### Description of the task
Everything in the records below from the line containing "Constructivism is the" through the line containing "강화 태그: 근육질의" is to be reproduced exactly, those two lines included; no picture is to be copied.

### Supplied data

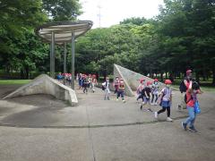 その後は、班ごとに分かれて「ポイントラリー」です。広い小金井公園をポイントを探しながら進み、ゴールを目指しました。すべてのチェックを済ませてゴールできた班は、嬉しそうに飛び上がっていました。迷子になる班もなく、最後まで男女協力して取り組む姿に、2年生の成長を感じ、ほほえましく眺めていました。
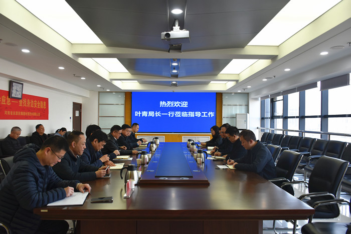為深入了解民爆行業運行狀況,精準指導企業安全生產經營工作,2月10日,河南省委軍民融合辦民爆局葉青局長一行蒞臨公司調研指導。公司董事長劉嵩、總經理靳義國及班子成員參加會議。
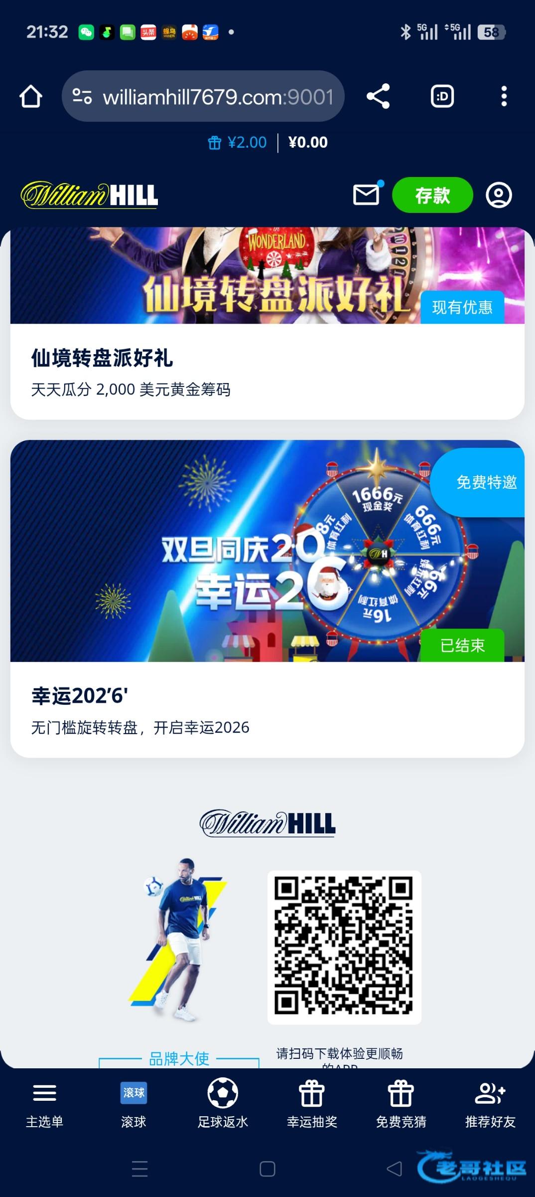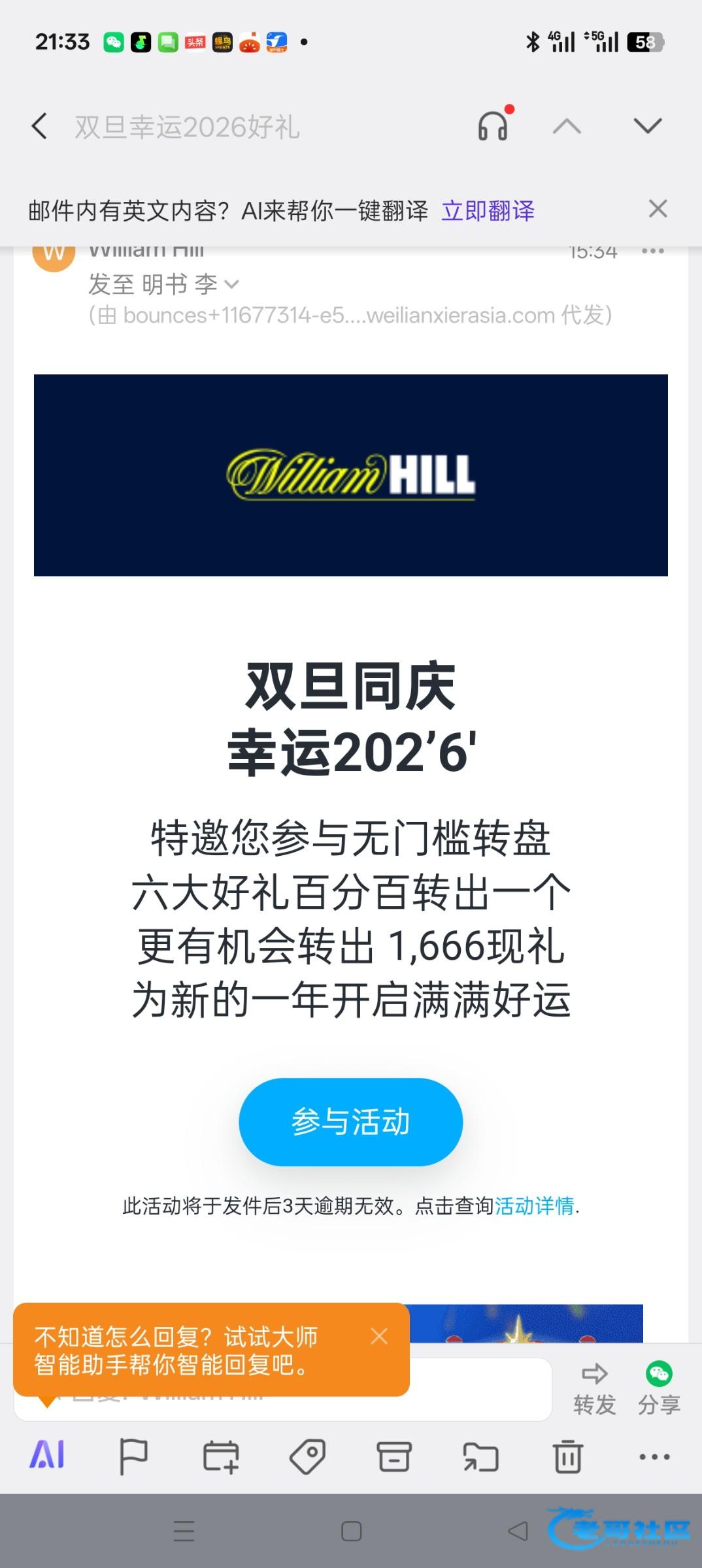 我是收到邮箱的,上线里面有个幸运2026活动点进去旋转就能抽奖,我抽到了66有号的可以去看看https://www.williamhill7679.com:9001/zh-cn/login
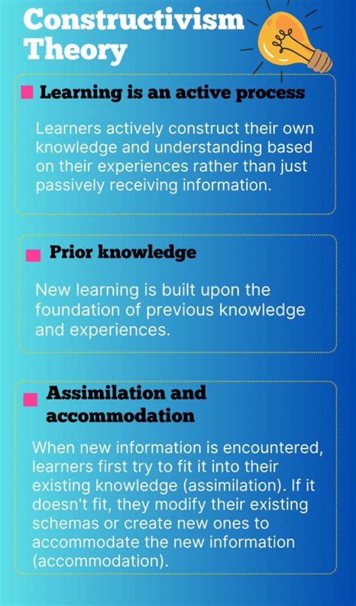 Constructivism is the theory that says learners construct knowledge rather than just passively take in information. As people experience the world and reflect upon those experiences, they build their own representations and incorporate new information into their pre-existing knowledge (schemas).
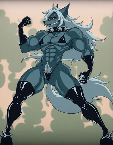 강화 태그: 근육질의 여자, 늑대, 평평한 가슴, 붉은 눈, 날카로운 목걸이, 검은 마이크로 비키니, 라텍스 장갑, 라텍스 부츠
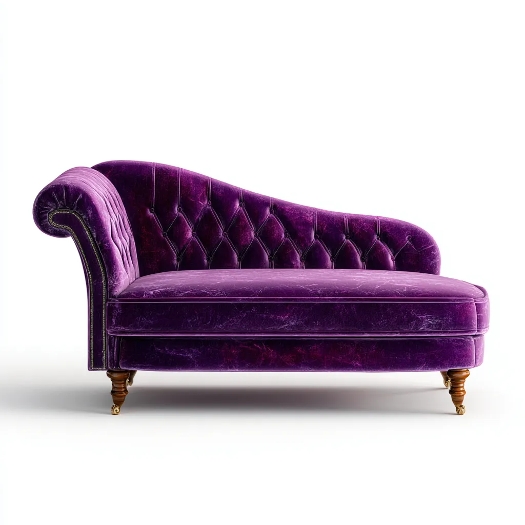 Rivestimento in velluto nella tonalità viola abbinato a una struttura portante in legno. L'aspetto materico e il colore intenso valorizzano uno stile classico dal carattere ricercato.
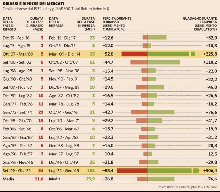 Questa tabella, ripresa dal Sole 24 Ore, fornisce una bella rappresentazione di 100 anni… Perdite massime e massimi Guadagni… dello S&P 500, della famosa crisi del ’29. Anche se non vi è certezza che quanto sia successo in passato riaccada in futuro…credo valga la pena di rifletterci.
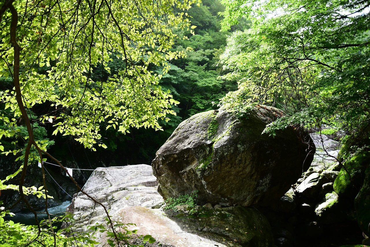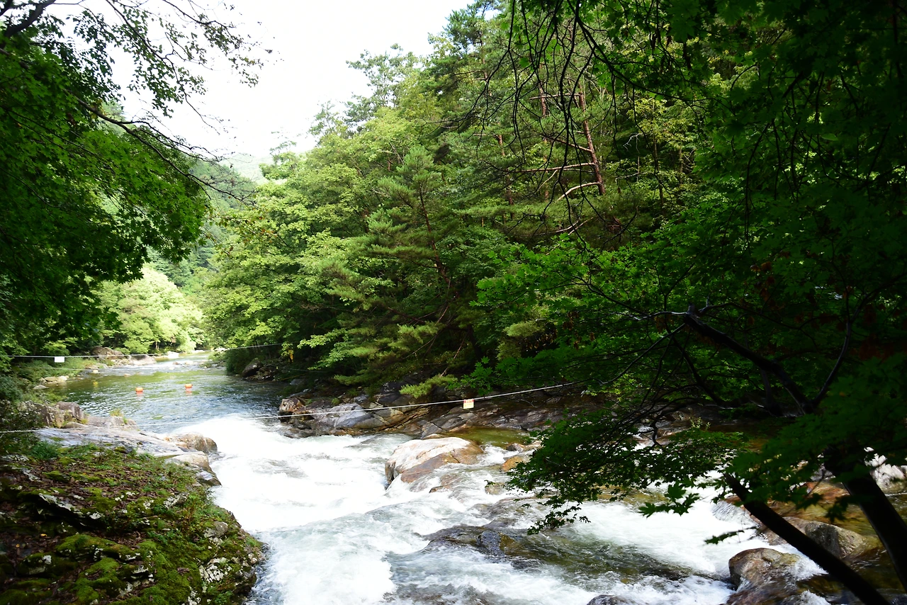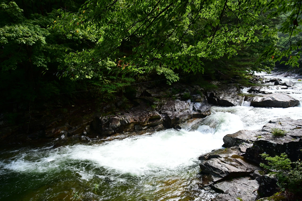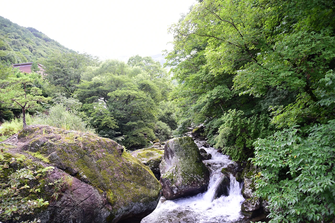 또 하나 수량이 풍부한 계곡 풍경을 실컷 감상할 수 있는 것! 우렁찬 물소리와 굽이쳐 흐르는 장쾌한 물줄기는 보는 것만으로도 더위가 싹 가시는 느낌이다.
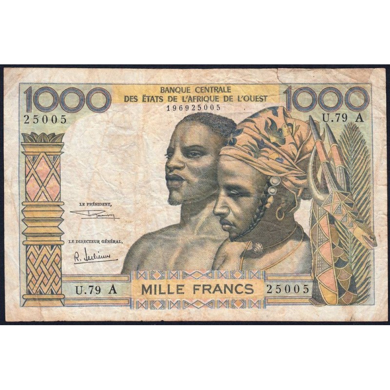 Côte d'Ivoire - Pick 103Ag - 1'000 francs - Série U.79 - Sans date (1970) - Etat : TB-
* * *
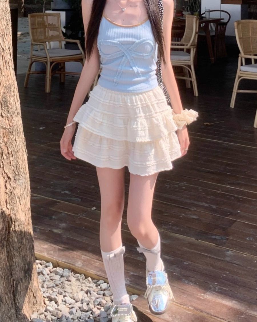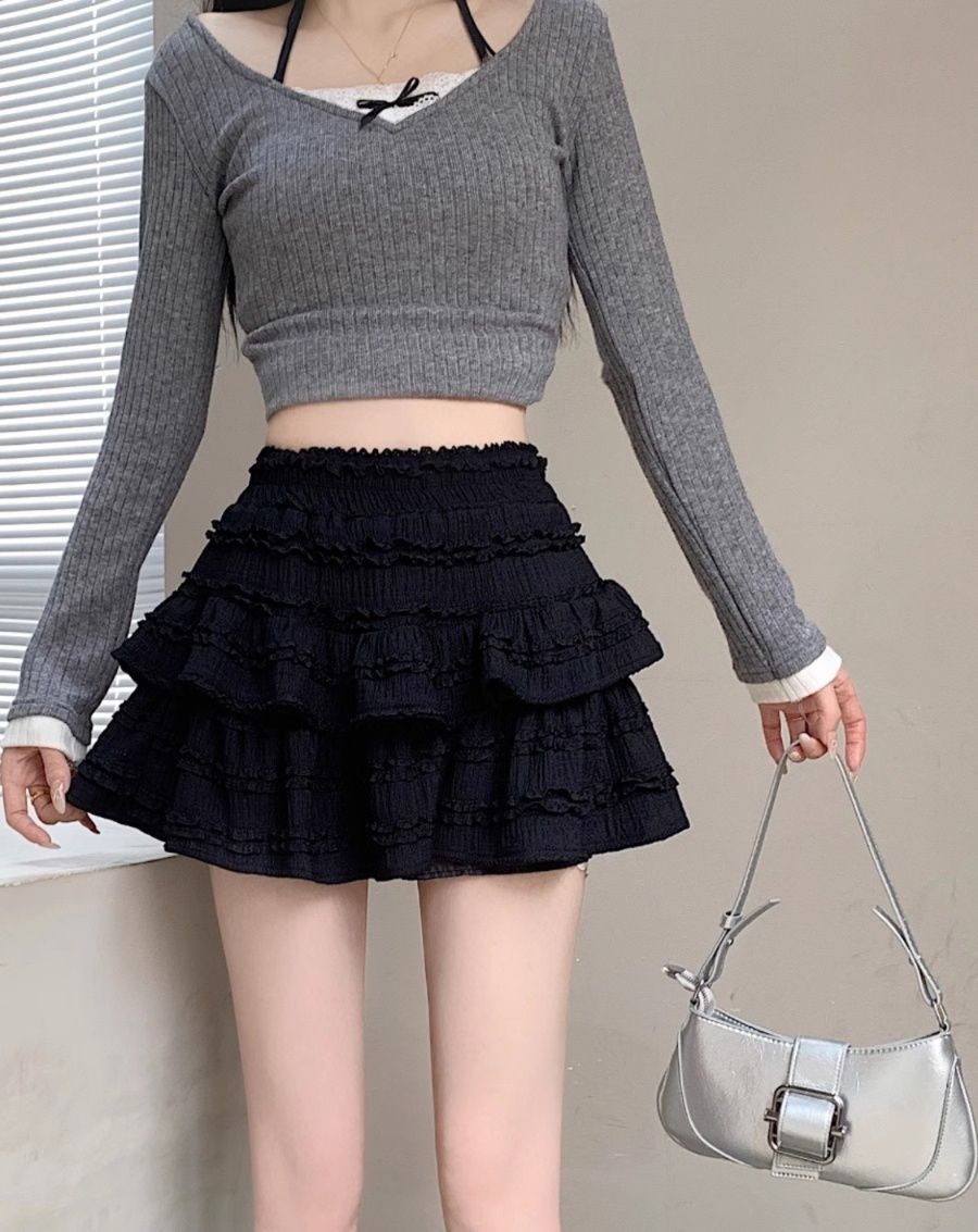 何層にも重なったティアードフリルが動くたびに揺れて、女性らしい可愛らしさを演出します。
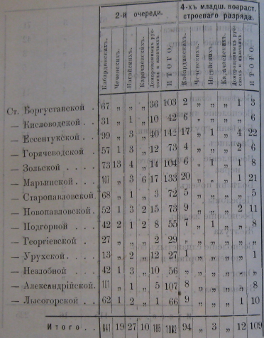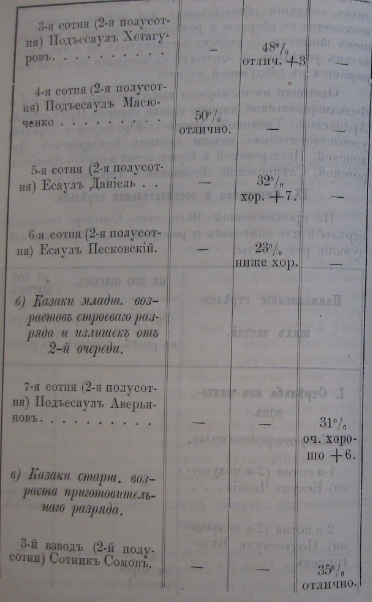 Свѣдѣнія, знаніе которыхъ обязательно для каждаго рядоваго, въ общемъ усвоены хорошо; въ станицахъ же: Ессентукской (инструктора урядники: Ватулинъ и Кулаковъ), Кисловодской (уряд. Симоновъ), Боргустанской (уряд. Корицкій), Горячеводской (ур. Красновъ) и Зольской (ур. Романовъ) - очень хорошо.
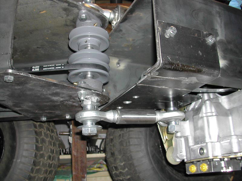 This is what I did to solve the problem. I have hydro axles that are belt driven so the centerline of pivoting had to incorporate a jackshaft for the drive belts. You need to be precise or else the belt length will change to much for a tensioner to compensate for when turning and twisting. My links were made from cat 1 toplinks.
* * *
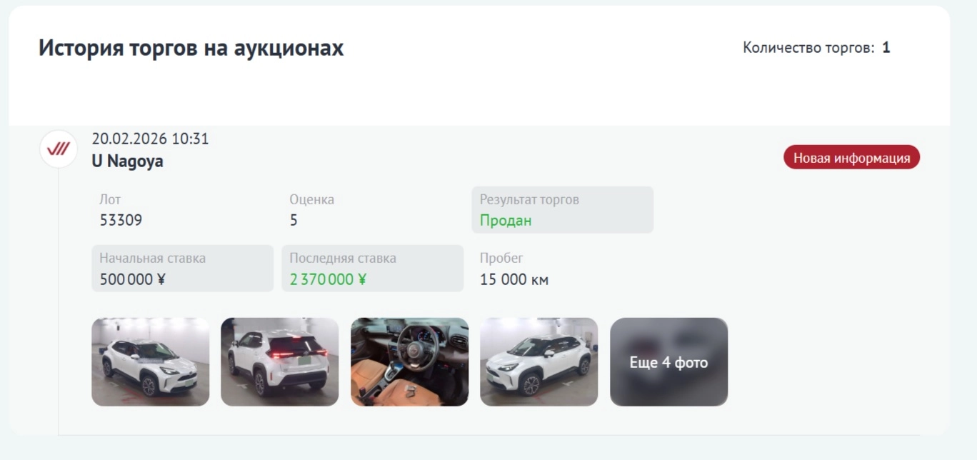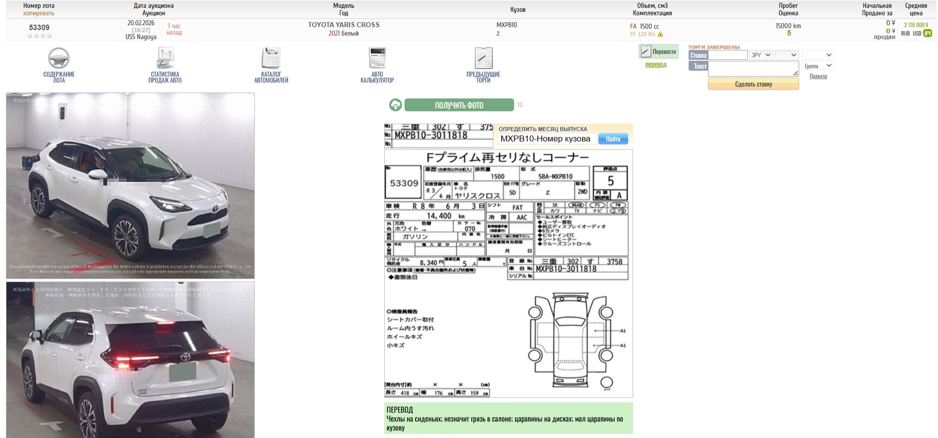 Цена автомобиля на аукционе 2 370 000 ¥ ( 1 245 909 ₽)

### The completed task
 Constructivism is the theory that says learners construct knowledge rather than just passively take in information. As people experience the world and reflect upon those experiences, they build their own representations and incorporate new information into their pre-existing knowledge (schemas).
 강화 태그: 근육질의 여자, 늑대, 평평한 가슴, 붉은 눈, 날카로운 목걸이, 검은 마이크로 비키니, 라텍스 장갑, 라텍스 부츠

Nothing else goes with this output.